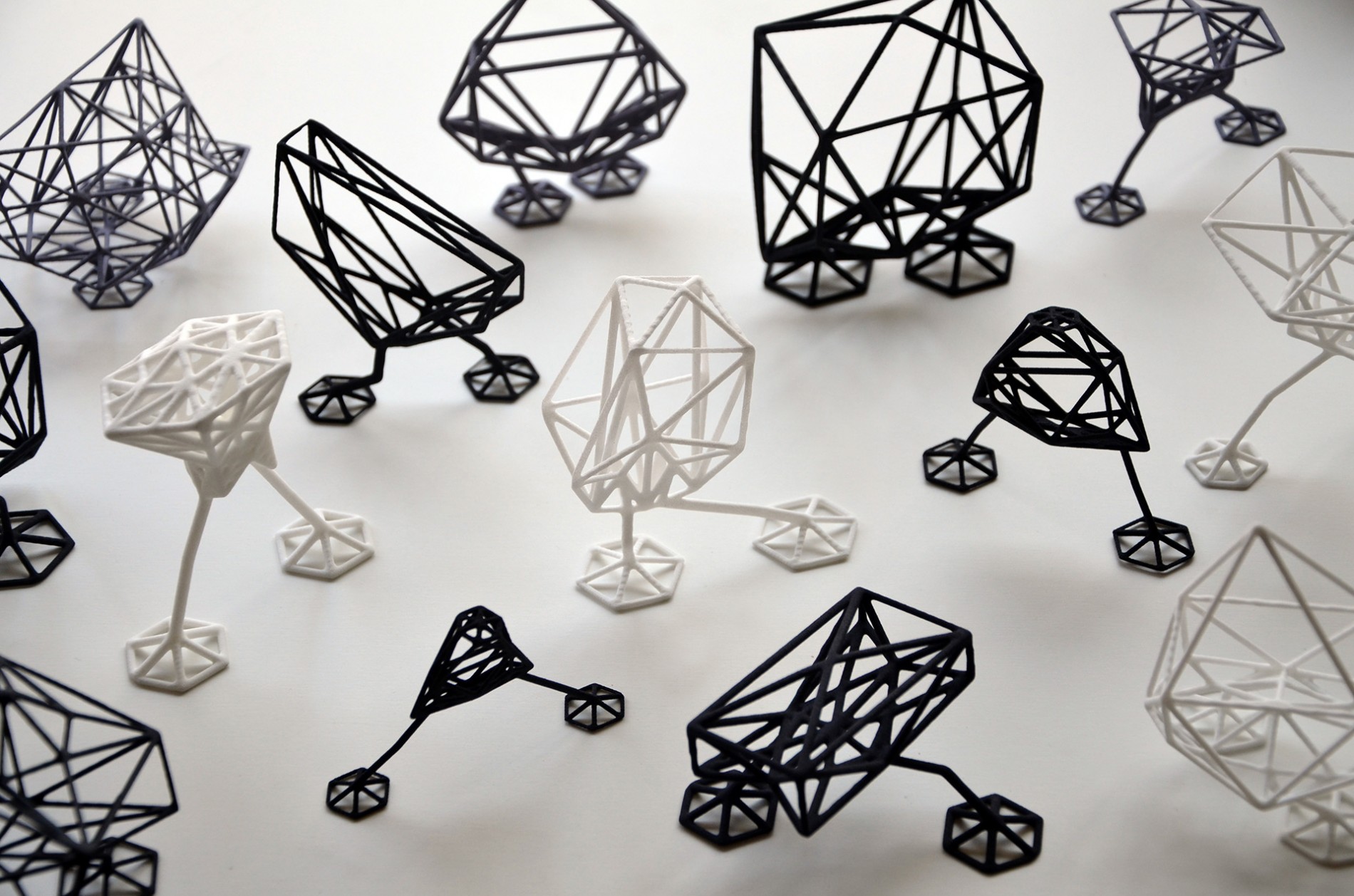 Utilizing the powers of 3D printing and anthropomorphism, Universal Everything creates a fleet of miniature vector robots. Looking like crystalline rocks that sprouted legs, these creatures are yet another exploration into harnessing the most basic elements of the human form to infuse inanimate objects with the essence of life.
---
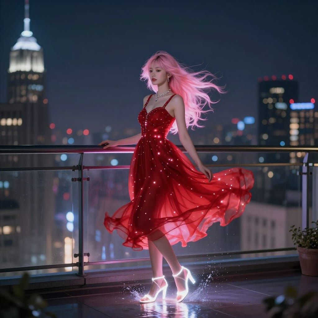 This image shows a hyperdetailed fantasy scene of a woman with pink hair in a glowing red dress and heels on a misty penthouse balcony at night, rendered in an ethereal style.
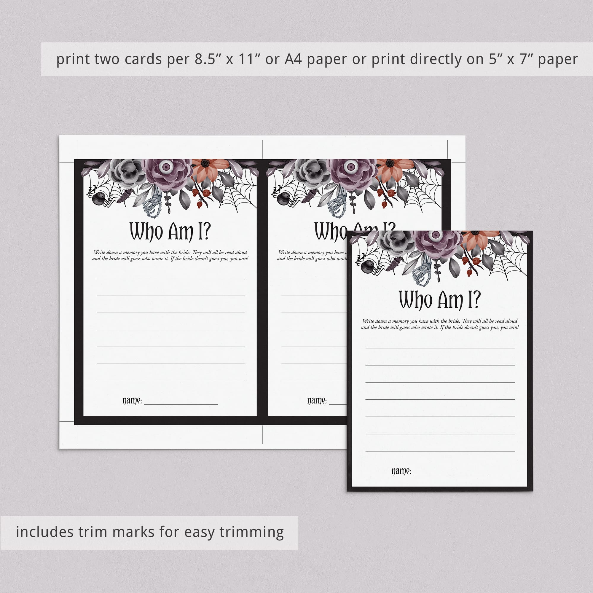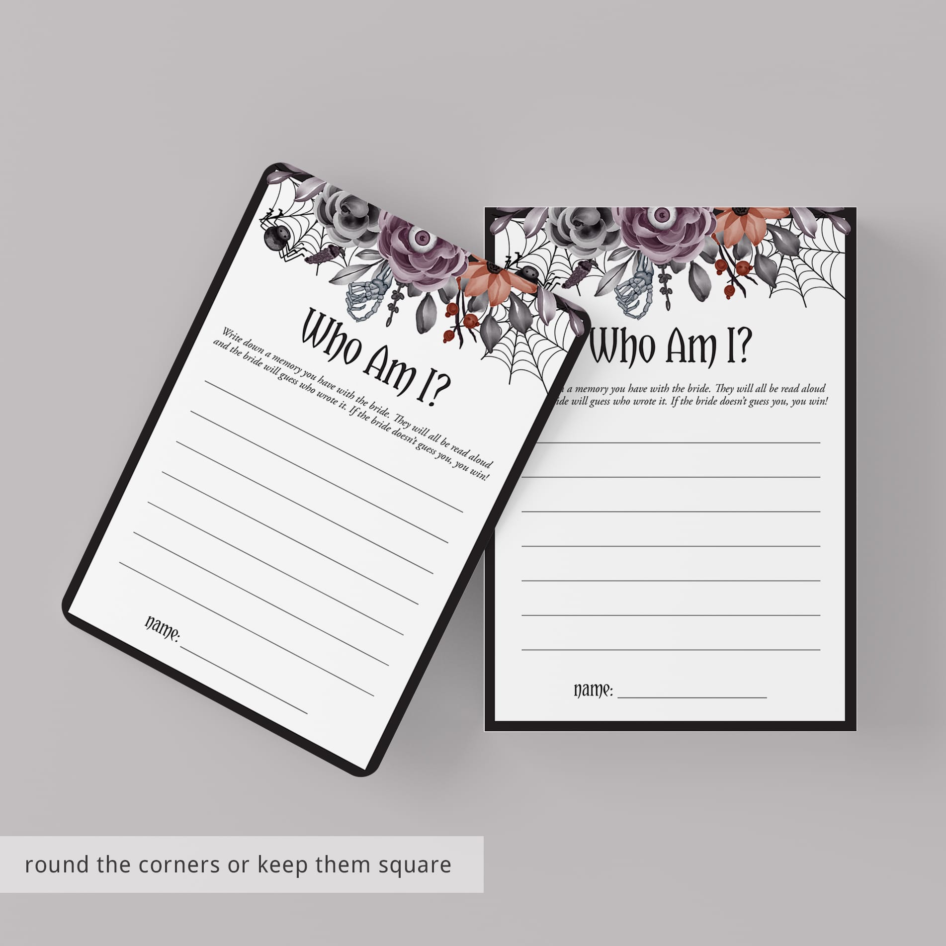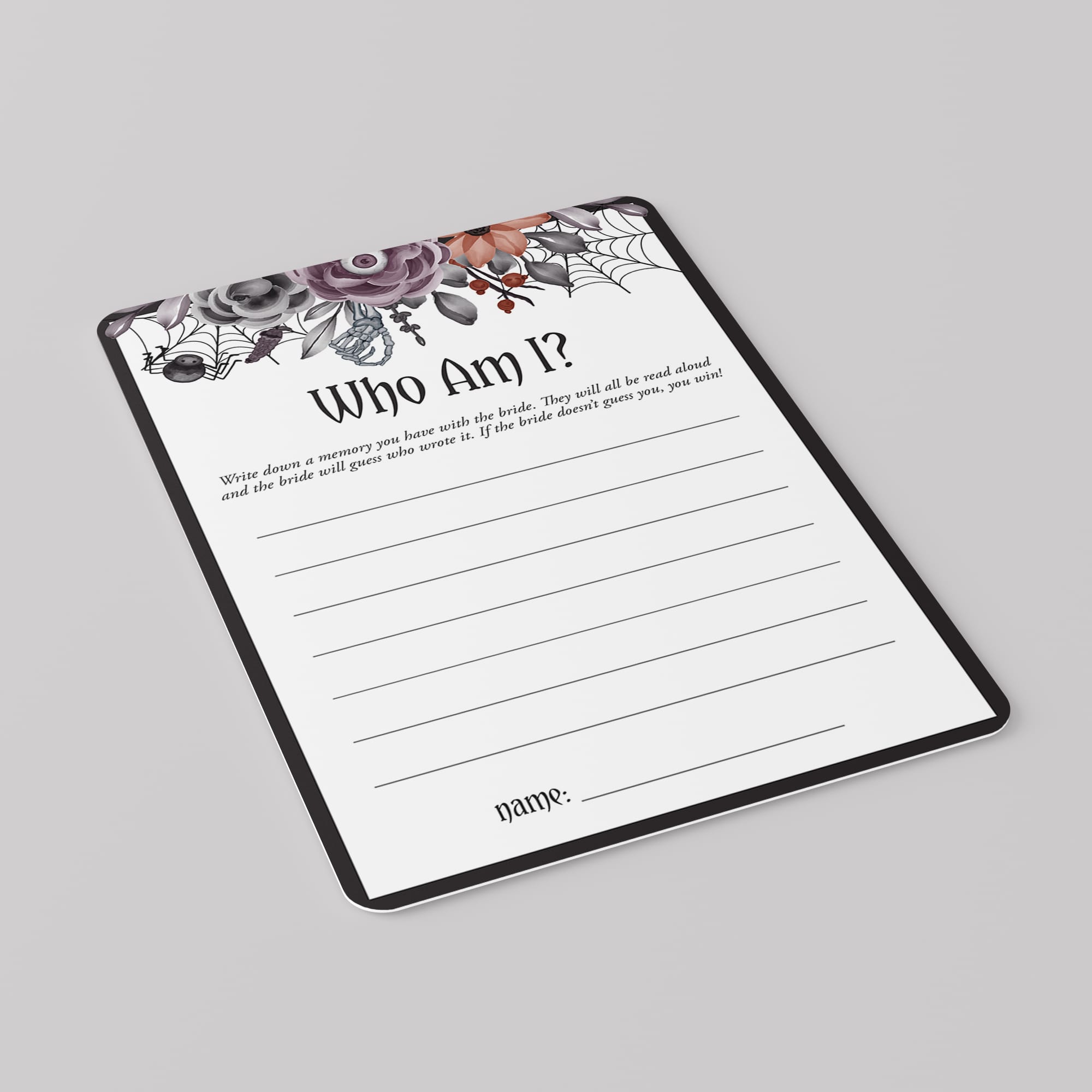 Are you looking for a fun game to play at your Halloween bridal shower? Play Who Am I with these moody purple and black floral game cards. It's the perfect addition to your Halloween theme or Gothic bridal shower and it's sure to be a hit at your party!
...
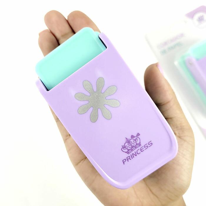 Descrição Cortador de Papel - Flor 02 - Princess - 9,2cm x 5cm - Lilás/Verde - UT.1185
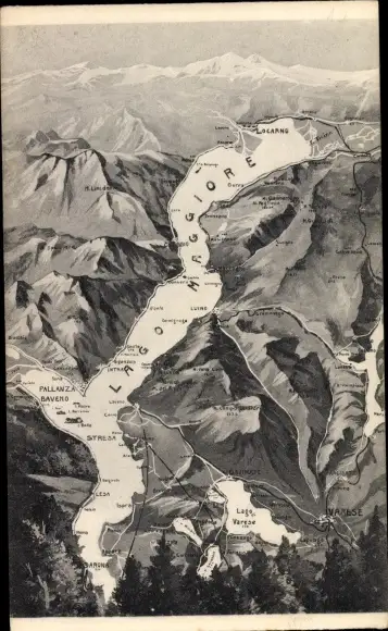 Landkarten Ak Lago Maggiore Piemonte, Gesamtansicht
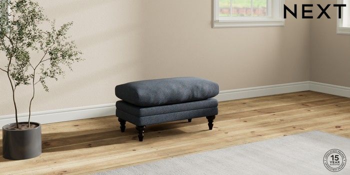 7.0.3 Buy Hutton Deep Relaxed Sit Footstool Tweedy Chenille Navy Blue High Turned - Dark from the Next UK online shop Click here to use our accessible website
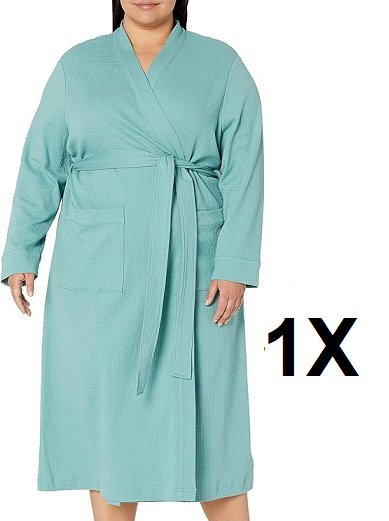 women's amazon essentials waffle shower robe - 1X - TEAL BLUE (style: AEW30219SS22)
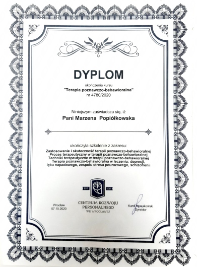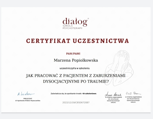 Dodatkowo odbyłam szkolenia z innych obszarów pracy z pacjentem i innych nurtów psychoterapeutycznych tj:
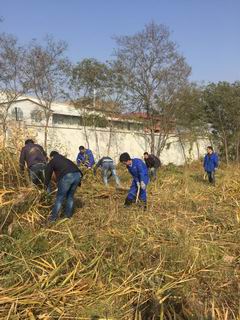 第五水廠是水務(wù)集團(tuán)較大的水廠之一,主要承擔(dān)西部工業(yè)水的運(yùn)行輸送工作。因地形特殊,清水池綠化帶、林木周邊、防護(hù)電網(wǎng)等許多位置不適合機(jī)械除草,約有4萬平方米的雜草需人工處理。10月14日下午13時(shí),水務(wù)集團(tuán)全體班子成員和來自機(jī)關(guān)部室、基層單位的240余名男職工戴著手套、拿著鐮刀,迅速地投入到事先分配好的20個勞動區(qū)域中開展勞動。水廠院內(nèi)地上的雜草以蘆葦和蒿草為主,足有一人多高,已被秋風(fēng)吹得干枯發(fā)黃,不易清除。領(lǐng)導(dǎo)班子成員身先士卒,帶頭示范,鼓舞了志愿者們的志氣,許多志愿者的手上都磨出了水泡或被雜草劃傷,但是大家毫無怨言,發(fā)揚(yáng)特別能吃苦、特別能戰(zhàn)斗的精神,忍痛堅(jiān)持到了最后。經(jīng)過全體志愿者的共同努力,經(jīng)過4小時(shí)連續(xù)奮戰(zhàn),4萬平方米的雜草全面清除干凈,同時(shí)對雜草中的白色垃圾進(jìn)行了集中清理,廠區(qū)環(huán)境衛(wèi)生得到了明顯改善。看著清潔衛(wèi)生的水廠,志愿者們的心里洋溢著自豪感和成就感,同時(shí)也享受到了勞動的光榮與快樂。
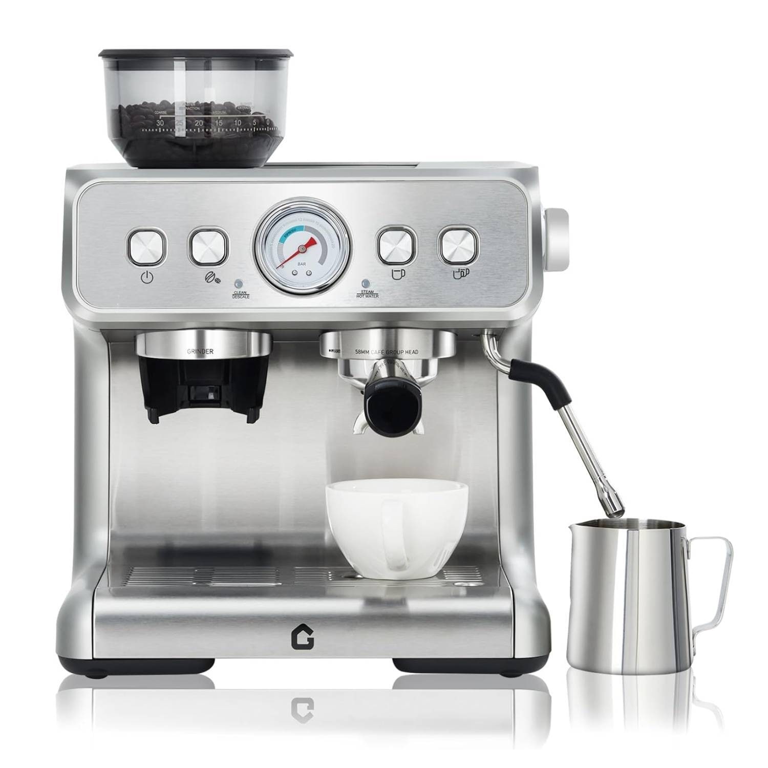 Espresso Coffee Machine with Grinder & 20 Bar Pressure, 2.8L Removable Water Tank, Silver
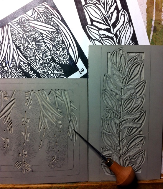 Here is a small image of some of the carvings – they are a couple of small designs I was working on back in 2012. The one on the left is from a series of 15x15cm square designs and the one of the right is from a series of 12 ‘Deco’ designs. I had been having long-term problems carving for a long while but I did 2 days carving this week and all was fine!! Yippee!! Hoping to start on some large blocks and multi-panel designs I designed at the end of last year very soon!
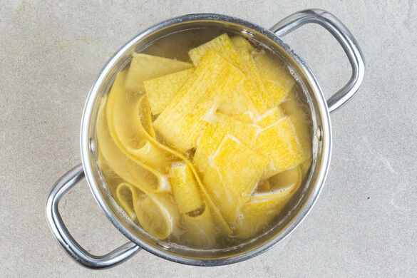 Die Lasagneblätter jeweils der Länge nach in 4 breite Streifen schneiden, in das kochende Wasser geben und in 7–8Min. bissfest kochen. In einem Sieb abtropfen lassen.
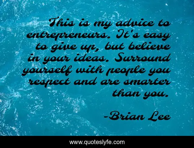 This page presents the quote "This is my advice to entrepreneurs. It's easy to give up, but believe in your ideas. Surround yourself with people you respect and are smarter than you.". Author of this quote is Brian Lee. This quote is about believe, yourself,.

- _Exercise requirements_:
Starting with the line that contains "Landkarten Ak Lago" and finishing with the line that contains "7.0.3 Buy Hutton", reproduce every line of the material above exactly, but not the pictures.

- _Written reply_:
 Landkarten Ak Lago Maggiore Piemonte, Gesamtansicht
 7.0.3 Buy Hutton Deep Relaxed Sit Footstool Tweedy Chenille Navy Blue High Turned - Dark from the Next UK online shop Click here to use our accessible website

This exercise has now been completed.